In the copy of the lines below, leave out pictures and print everything else exactly.

● INFORMATION SUPPLIED:
===============
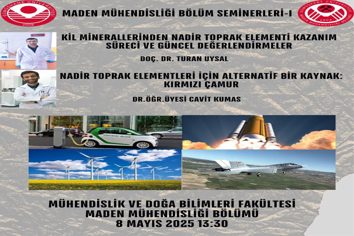 Maden mühendisliği bölümü tarafından düzenlenen “Bilim Seminerleri - I” etkinliği düzenlendi. Bu bilim seminerlerinin belirli aralıklarla düzenli bir şekilde devam etmesi planlanmaktadır. Bu kapsamda yapılan ilk etkinlik madencilik ve enerji alanlarında çalışan araştırmacıları, lisans, lisansüstü öğrencilerini bir araya getirmiştir. Etkinlikte, Gümüşhane Üniversitesi Maden Mühendisliği Bölümü öğretim üyesi Doç. Dr. Turan Uysal ile Dr. Öğr. Üyesi Cavit Kumaş’ın sunduğu çalışmalar, nadir toprak elementleri (NTE) üzerine stratejik öneme sahip güncel yaklaşımları gözler önüne serdi.
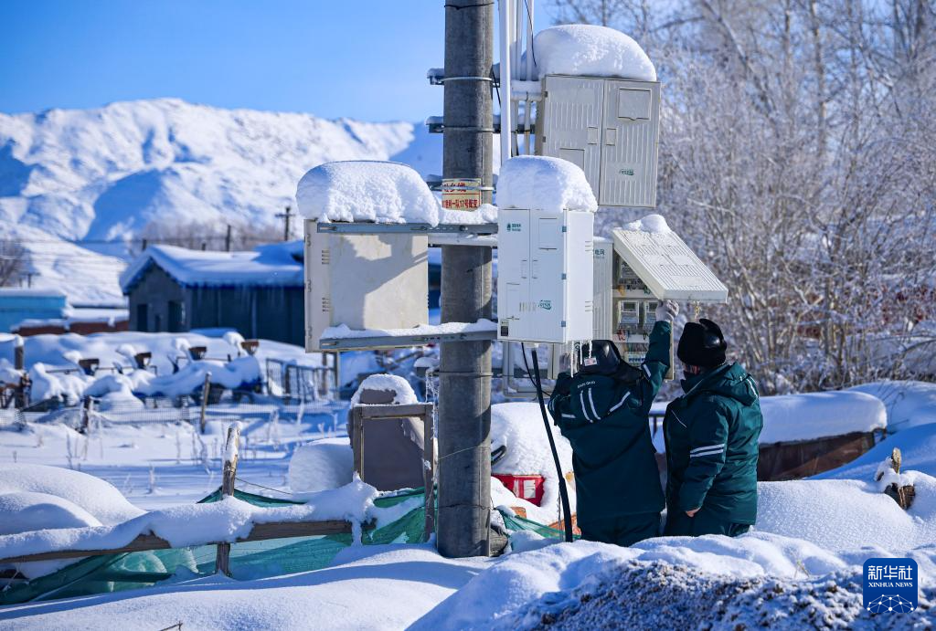 在新疆阿勒泰地区富蕴县吐尔洪乡,供电所员工对乡村线路开展特巡(1月16日摄)。
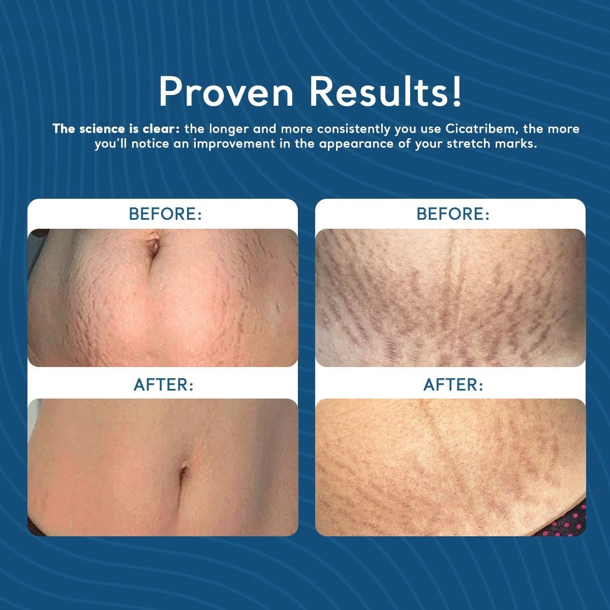 - Reduz qualquer tipo de estria! Incluindo estrias roxas, estrias vermelhas e estrias brancas.
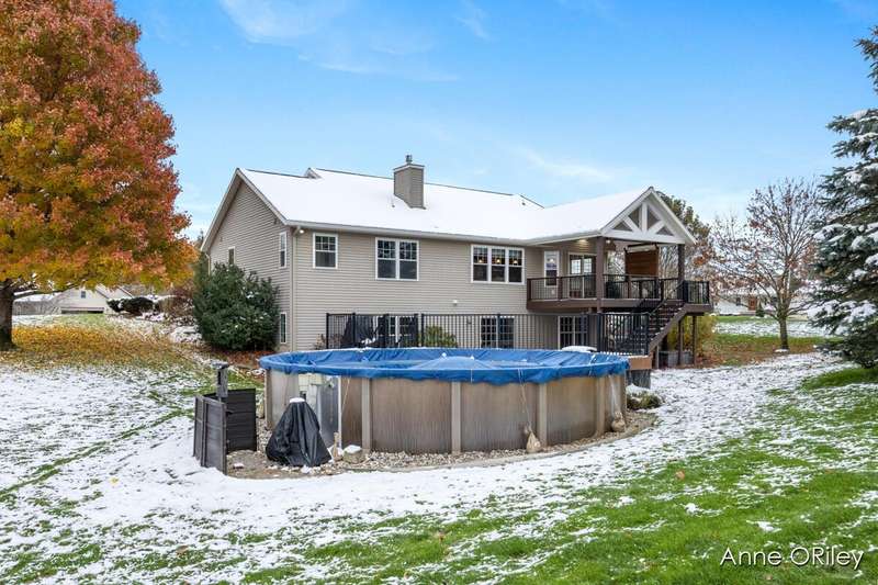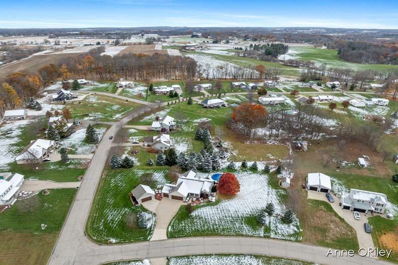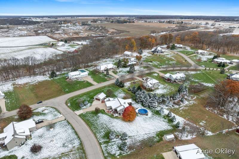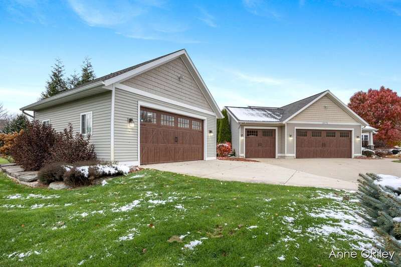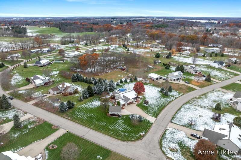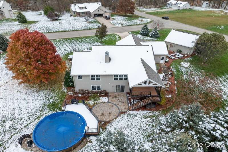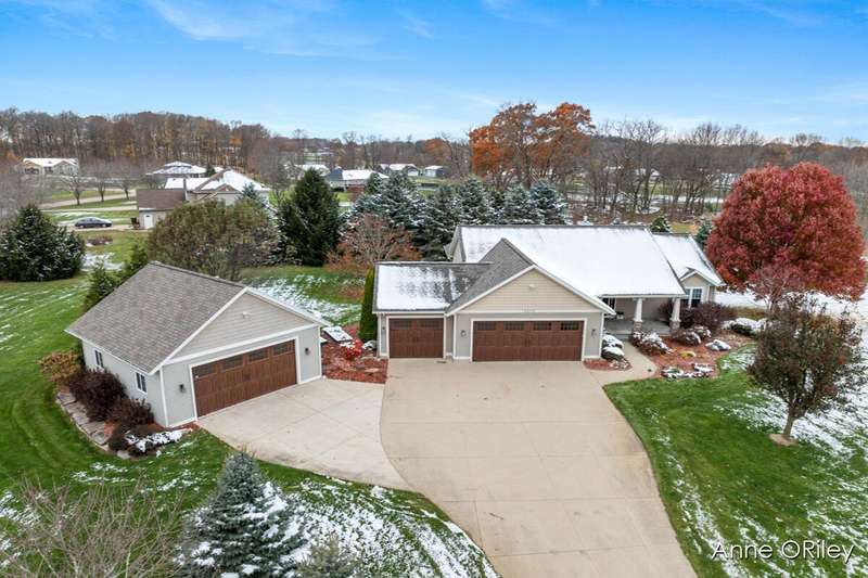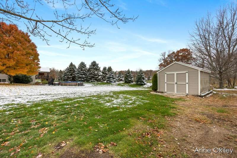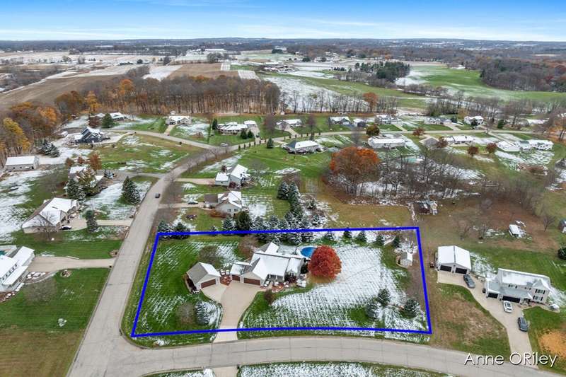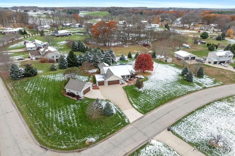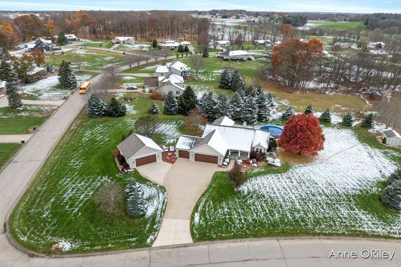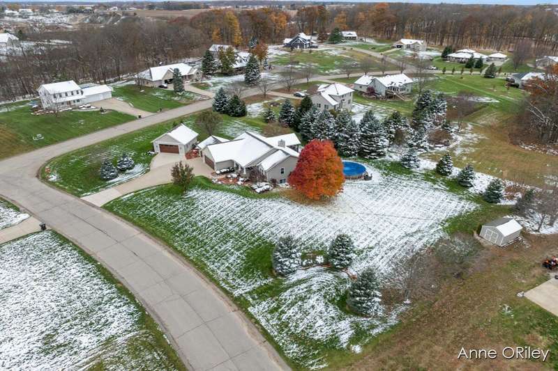 Welcome home to this meticulously maintained ranch, offering 2,638 finished SQFT of custom living on a prime 1.16-acre corner lot. This home perfectly balances everyday convenience with exceptional entertainment features. The open-concept main floor centers around a spacious kitchen boasting stainless steel appliances, granite countertops, and a large center island with a snack bar. The adjoining living room invites relaxation with a cozy gas fireplace flanked by custom built-in shelving. The main level also provides unmatched convenience, featuring a Primary Suite with full bath and walk-in closet, a second bedroom, a dedicated desk area, second full bath and a half, and a main-floor laundry room. The living space extends to the fully finished walk-out basement, complete with a large family room with surround sound, two additional bedrooms, a full bath, and a utility room that doubles as a home gym. Step outside to your outdoor paradise! The beautifully landscaped grounds include a covered deck and a custom brick patio perfect for entertaining, a vibrant flower garden, and an above-ground pool for summer enjoyment, kept pristine by underground sprinkling. For the hobbyist or car enthusiast, this property is unmatched: it features a three-car garage with an EV charger hook-up (and wired for a second!) and a heated pole building/workshop perfect for two extra vehicles or dedicated storage. This stunning, updated home is truly a must-see! Located in desirable Boulder Creek Estates and close to downtown Middleville, Thornapple River Trail, Yankee Springs, and TK Schools. MULTIPLE OFFERS RECIEVED, DEADLINE IS SET FOR 11/14/25 AT 8PM.
===============
● EXERCISE ANSWER:
 Maden mühendisliği bölümü tarafından düzenlenen “Bilim Seminerleri - I” etkinliği düzenlendi. Bu bilim seminerlerinin belirli aralıklarla düzenli bir şekilde devam etmesi planlanmaktadır. Bu kapsamda yapılan ilk etkinlik madencilik ve enerji alanlarında çalışan araştırmacıları, lisans, lisansüstü öğrencilerini bir araya getirmiştir. Etkinlikte, Gümüşhane Üniversitesi Maden Mühendisliği Bölümü öğretim üyesi Doç. Dr. Turan Uysal ile Dr. Öğr. Üyesi Cavit Kumaş’ın sunduğu çalışmalar, nadir toprak elementleri (NTE) üzerine stratejik öneme sahip güncel yaklaşımları gözler önüne serdi.
 在新疆阿勒泰地区富蕴县吐尔洪乡,供电所员工对乡村线路开展特巡(1月16日摄)。
 - Reduz qualquer tipo de estria! Incluindo estrias roxas, estrias vermelhas e estrias brancas.
 Welcome home to this meticulously maintained ranch, offering 2,638 finished SQFT of custom living on a prime 1.16-acre corner lot. This home perfectly balances everyday convenience with exceptional entertainment features. The open-concept main floor centers around a spacious kitchen boasting stainless steel appliances, granite countertops, and a large center island with a snack bar. The adjoining living room invites relaxation with a cozy gas fireplace flanked by custom built-in shelving. The main level also provides unmatched convenience, featuring a Primary Suite with full bath and walk-in closet, a second bedroom, a dedicated desk area, second full bath and a half, and a main-floor laundry room. The living space extends to the fully finished walk-out basement, complete with a large family room with surround sound, two additional bedrooms, a full bath, and a utility room that doubles as a home gym. Step outside to your outdoor paradise! The beautifully landscaped grounds include a covered deck and a custom brick patio perfect for entertaining, a vibrant flower garden, and an above-ground pool for summer enjoyment, kept pristine by underground sprinkling. For the hobbyist or car enthusiast, this property is unmatched: it features a three-car garage with an EV charger hook-up (and wired for a second!) and a heated pole building/workshop perfect for two extra vehicles or dedicated storage. This stunning, updated home is truly a must-see! Located in desirable Boulder Creek Estates and close to downtown Middleville, Thornapple River Trail, Yankee Springs, and TK Schools. MULTIPLE OFFERS RECIEVED, DEADLINE IS SET FOR 11/14/25 AT 8PM.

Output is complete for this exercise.